Предисловие к «Торпеде времени» А. Слонимского (Лем)

Материал из Викицитатника

«Предисловие к «Торпеде времени» А. Слонимского » (польск. Przedmowa do «Torpedy czasu» A. Słonimskiego) написано Станиславом Лемом в 1967 году. Вошло в авторский сборник «Размышления и очерки» 1975 года. Большая часть посвящена американской научной фантастике, что развито в монографии «Фантастика и футурология» (1970).

Цитаты[править]

  •  

Я уже несколько раз пытался представить биографию science fiction и всегда оказывалось, что чисто литературных критериев недостаточно. Может быть, следовало описать её пути языком прогрессивного психолога, который без скандальности, но и без сентиментальности показывает то, что в XIX веке называлось падением порядочной женщины. — начало

 

Nieraz już szukałem sposobu przedstawienia życiorysu Science Fiction i zawsze okazywało się, że czyste literackie kryteria nie wystarczają. Może należałoby opisać jej koleje językiem rozumiejącym światłego psychologa, który bez skandalizowania, ale i bez czułostkowości, ukazuje to, co się w XIX wieku nazywało upadkiem porządnej kobiety.

  •  

Закон больших чисел в физике усредняет, в литературе — затмевает, делает привычным. Осколок янтаря, лежащий на черном бархате — это объект, достойный внимания; сто миллиардов таких осколков — это всего лишь огромная куча мутно-жёлтой глазури, наводящая на мысль не столько о драгоценностях, сколько о раздавленных трактором пивных бутылках. Всякая оригинальность, исключительность, необычность подавляется количеством, подвергается инфляции в тотальной толчее, создаёт настолько невыносимый избыток, что даже бриллианты уподобляются толчёному стеклу — чего требовать от книг, которые редко похожи на бриллианты? — идея инфляции культуры подробно изложена в гл. IX «Summa Technologiae»

 

Prawo wielkiej liczby, które w fizyce uśrednia, w literaturze — przyćmiewa, poszarza. Odłamek bursztynu, położony na czarnym aksamicie, to obiekt godny uwagi; sto miliardów takich odłamków to tylko olbrzymia kupa mętnożółtawego szkliwa, przywodząca na myśl nie tyle klejnoty, ile rozjechany traktorem ładunek butelek po piwie.
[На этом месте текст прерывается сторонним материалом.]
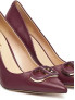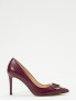 Опис: Ці туфлі-лодочки виконані з м'якої овечої шкіри фіолетового кольору "Дегустація вина". Вони мають гострий носок та жорсткий задник, який стабілізує п'яту та утримує стопу, не даючи їй вислизати під час руху. Висота каблука становить 9 см, що надає їм елегантний силует. Підкладка виготовлена з міцного та комфортного поліуретану, а підошва - з зносостійкої гуми. Дизайн доповнений фірмовим елементом Oval T, що підкреслює стиль бренду TWINSET. Ця модель ідеально підходить для офісу, урочистих подій та формальних вечерь.

Wszelka oryginalność, wyjątkowość, niezwykłość zostaje liczbą wygaszona, ulega w tłoku totalnej inflacji, nieznośny nadmiar sprawia, że nawet brylanty upodobniają się do szkła tłuczonego — czego wymagać od książek, które tylko rzadko są do brylantów podobne?

  •  

Очень характерной, как я считаю, является попытка подвергнуть произведение сжатию для быстрого понимания; в случае выдающихся произведений любое изложение относительно оригинала бессильно, и доходит даже до карикатурности («Докторе Фаустусе» Т. Манна: «Один композитор подхватил в молодости сифилис и потому сначала сочинял, а затем сошел с ума»). В свою очередь произведения SF можно излагать очень успешно, косвенным результатом чего возникает явление типа «золотой лихорадки»: любое произведение, отличающееся оригинальностью вроде «The Puppet Masters» Хайнлайна, тотчас же притягивает подражателей, толпы которых растаптывают тему до невозможности, причем, что нас здесь наиболее интересует, компрометируют не только себя, но отчасти и прототип, поскольку в их версиях концепция первоначальной книги оказывается обнаженной и сокращенной до чистого скелета, обнаруживая тем все свои слабости. Невозможна аналогичная эксплуатация каких-нибудь Фолкнера или Кафки. В случае обоих этих авторов произведения, вдохновлённые их сочинениями, явно распадаются на никуда не годные, жеманные маньеризмы, либо такие, которые имеют уже собственную автономию, не очень тесно связанную с прототипом.

 

Bardzo charakterystyczną, jak sądzę, jest próba poddania utworu kompresji dla sumiennego streszczenia; w wypadkach dzieł wybitnych każde streszczenie jest względem oryginału bezradne, do śmieszności nawet (Doktor Faustus T. Manna: „Jeden kompozytor dostał za młodu syfilisa i dlatego najpierw komponował, a potem zwariował”). Tymczasem utwory SF można streszczać bardzo skutecznie, czego efektem pośrednim są zjawiska typu „gorączki złota”: każdy utwór odznaczający się oryginalnością w rodzaju The Puppet Masters Heinleina, natychmiast pociąga naśladowców, których stada rozdeptują temat do niemożliwości, przy czym, co nas tu najbardziej interesuje, nie tylko siebie kompromitują, ale po części i wzorzec, ponieważ w ich wersjach koncepcja książki wiodącej zostaje obnażona i zredukowana do akcyjnego szkieletu, objawiając tym wszystkie swoje słabości. Nie jest możliwe analogiczne eksploatowanie jakiegoś Faulknera czy Kafki. W wypadkach obu tych autorów utwory, dziełem ich inspirowane, wyraźnie rozpadają się na bezwartościowe, minoderyjne manieryzmy i na takie, które własną mają już autonomię, z pierwowzorem bardzo luźno związaną.

  •  

Science fiction — недозрелая внутренне и преждевременно одетая в броню механическим профессионализмом, как женщина лёгкого поведения, которая изображает наличие большего опыта, чем имеет на самом деле, у которой не только девственность, но и взрослость являются видимостью, притворством иногда циничным, а иногда — признаем — достаточно отчаянным.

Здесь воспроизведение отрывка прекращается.